§ ASSIGNMENT: Having found the line containing "共有3种操作模式,分别为:弹出表单、弹出报表、数据助手。" in the records below, copy that line and each later one exactly, dropping pictures.

——

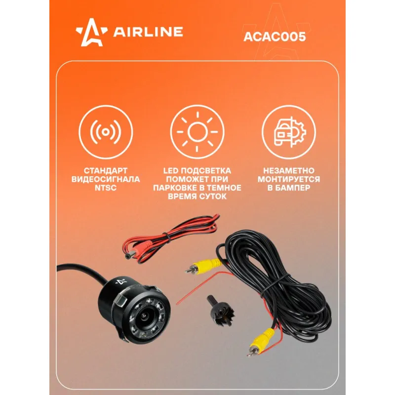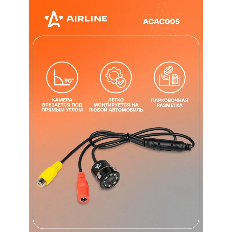 Камера заднего вида врезная прямая Описание: Камера заднего вида 12 В очень облегчает парковку задним ходом как новичков, так и опытных водителей. Камера незаметно устанавливается в / или под бампер вашего автомобиля, а провод, который идет в комплекте, протягивается через салон и подключается к вашему дополнительному или штатному дисплею. Ориентируясь по передаваемому видео, водитель безопасно совершает маневр. Подойдет для начинающих и неуверенных водителей совершать маневры на парковке и в узких проездах. Камера заднего подойдет к любому автомобилю и не будет заметна на корпусе. Аксессуар легко монтируется на любой автомобиль. Основные преимущества данной модели ACAC005: * Камера монтируется в заднюю часть автомобиля с помощью гайки, которую нужно закрутить в ответной части камеры; * Светодиоды, расположенные на камере помогут вам при парковке в темное время суток; * Камера монтируется (врезается) под прямым углом; * Угол обзора 170С; * LED подсветка, светодиоды, расположенных на камере помогут вам при парковке в темное время суток; * Парковочная разметка; * Стандарт защиты IP68; * Тип установки Врезное; * Стандарт видеосигнала - NTSC; * Минимальная освещенность - 0,2 люкс; Товар официального производителя AIRLINE. Инструкция по эксплуатации и установке в комплекте. Автотовар для внешнего тюнинга, который станет отличным подарком автомобилисту, мужчине и женщине, автолюбителю, папе, отцу, мужу, парню и другу. Характеристики: Артикул: ACAC005 Минимальная освещенность, люкс: 0,2 Угол обзора, °: 170 Стандарт видеосигнала: NTSC Напряжение питания, В: 12 Разрешение ТВЛ: 480 Разрешение: 640x480 Стандарт защиты: IP68 Тип установки: Врезное Комплектация: Камера заднего вида - 1 шт Провод удлинителя питания (12В +) - 1 шт Провод удлинителя видеосигнала - 1 шт Фреза 20мм - 1 шт Инструкция на русском языке - 1 шт Гарантийный талон - 1 шт Коробка - 1 шт Гарантия: от 1 года.
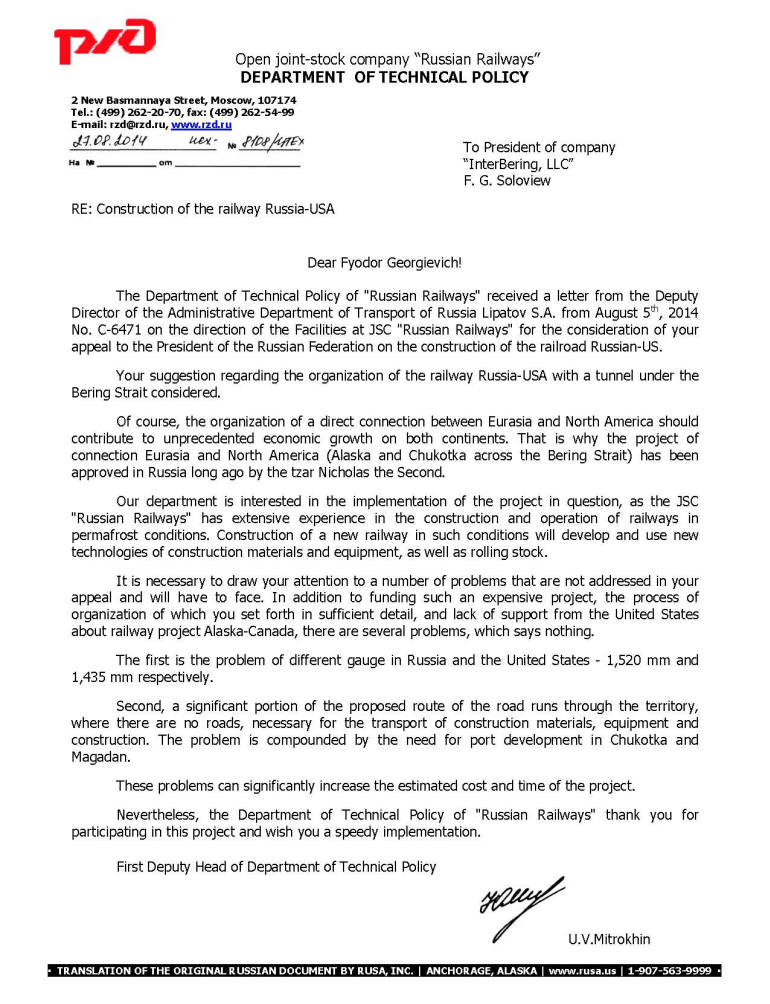 to Fyodor Soloview, President InterBering, LLC. August 27, 2014 Original letter, in Russian (PDF). Translation to English (PDF).
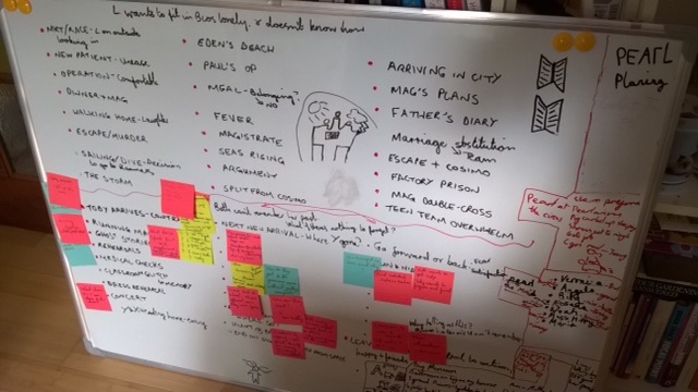 You may also be able to make out a couple of notebooks on the desk – that’s my other writing must-have. Before I get to the Post-It note/whiteboard stage I’ll have spent a long time making notes of ideas, snatches of dialogue and character traits so I don’t forget them when it comes to the writing stage.
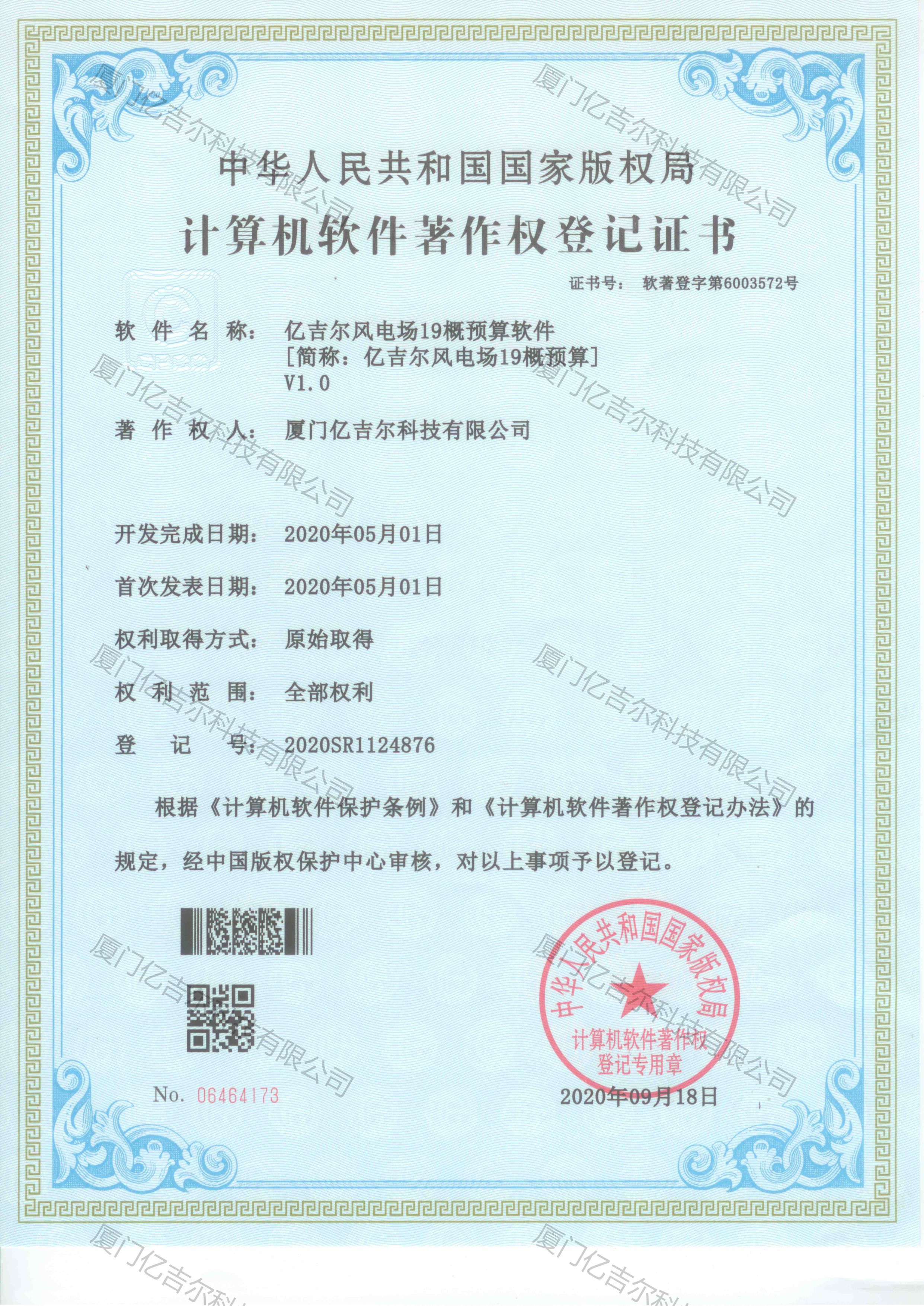 億吉爾風(fēng)電場19概預(yù)算軟件著作權(quán)登記證書 發(fā)布日期:2020年09月18日 瀏覽次數(shù):4737 關(guān)鍵字: 公司 1/1億吉爾風(fēng)電場19概預(yù)算軟件著作權(quán)登記證書
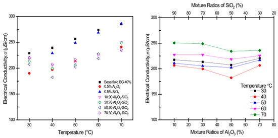 - Khdher, A.M.; Sidik, N.A.C.; Hamzah, W.A.W.; Mamat, R. An experimental determination of thermal conductivity and electrical conductivity of bio glycol based Al2O3 nanofluids and development of new correlation. Int. Commun. Heat Mass Transf. 2016, 73, 75–83. [Google Scholar] [CrossRef]
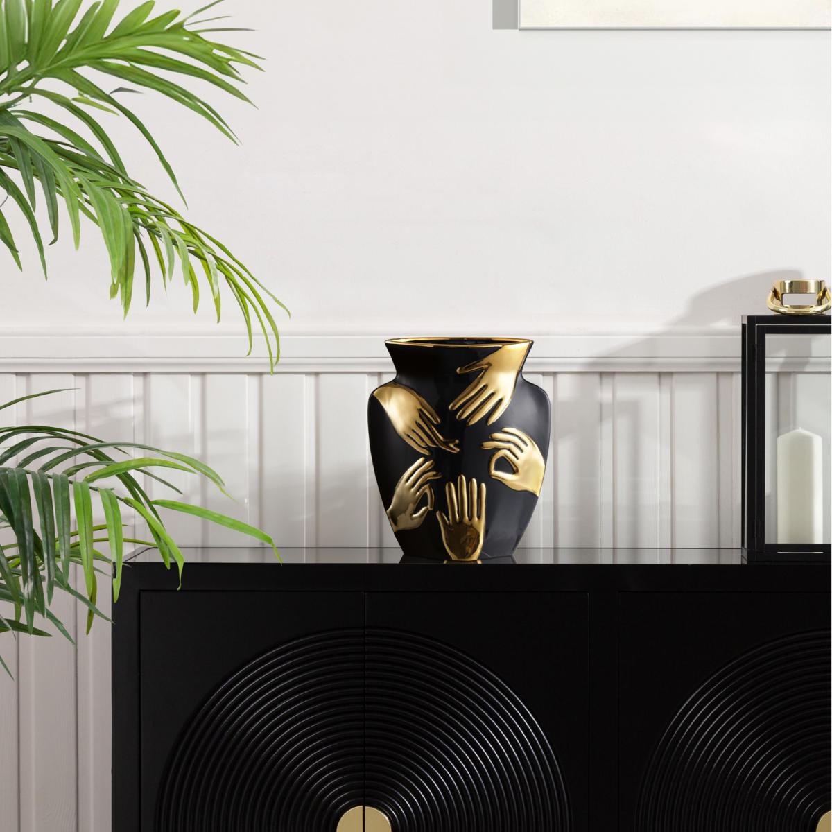 This modern handmade ceramic vase is a beautifully crafted piece that adds sophistication and style to your home decor. Featuring a sleek and minimalist design, it effortlessly complements contemporary interiors. Ideal for displaying fresh or artificial flowers or as a standalone accent piece, this vase brings elegance and charm to any room, making it a perfect addition to your living space. This handmade black ceramic vase with a gold hands design is a captivating modern accent for your living room decor. The contrast of black with the elegant gold hands creates a striking visual appeal, adding a touch of luxury and artistry to any space. Whether used for fresh or artificial flowers or displayed as a standalone piece, this vase brings contemporary elegance to your home.
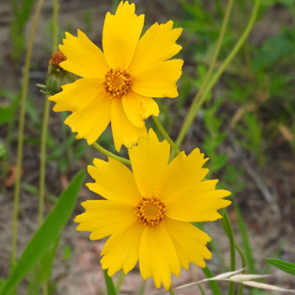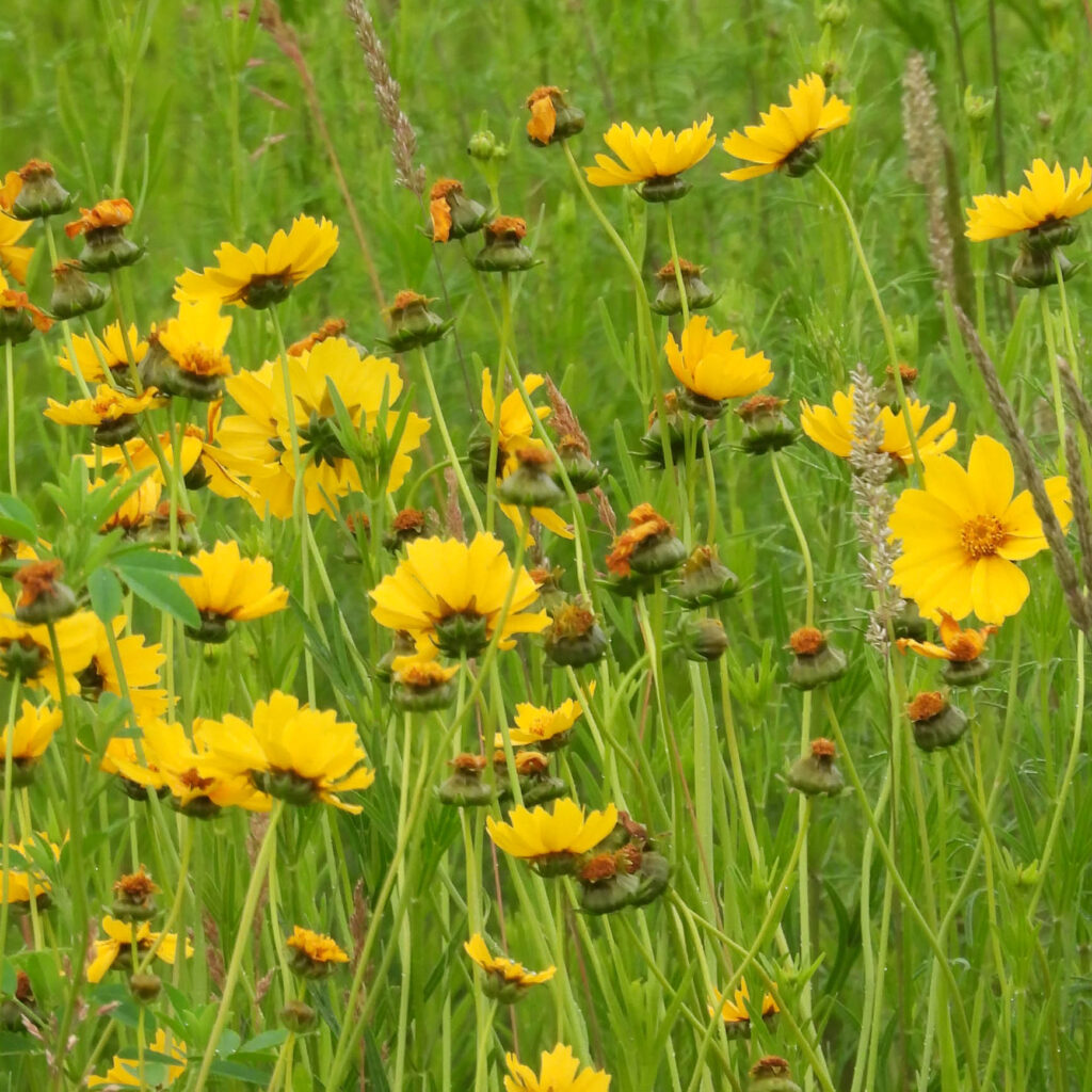 Lanceleaf Coreopsis (Coreopsis lanceolata) is a seasonal plant with yellow blooms from late spring through mid-summer. They prefer mesic to dry soil in sun or part sun where they can grow up to 3 feet tall. They are a good choice for slopes and banks. Companion plants include Purple Poppy Mallow (Callirhoe involucrata) and Anise Hyssop (Agastache foeniculum).
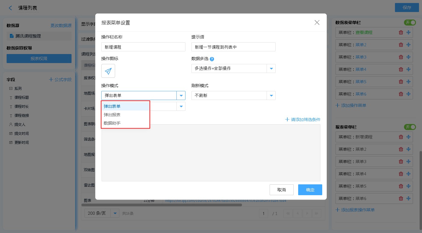 共有3种操作模式,分别为:弹出表单、弹出报表、数据助手。
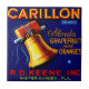 Konst för etiketten för vintagefruktlådan för Carillon brännmärker den Florida grapefrukten och orangar.

——

§ OUTPUT BELOW:
 共有3种操作模式,分别为:弹出表单、弹出报表、数据助手。
 Konst för etiketten för vintagefruktlådan för Carillon brännmärker den Florida grapefrukten och orangar.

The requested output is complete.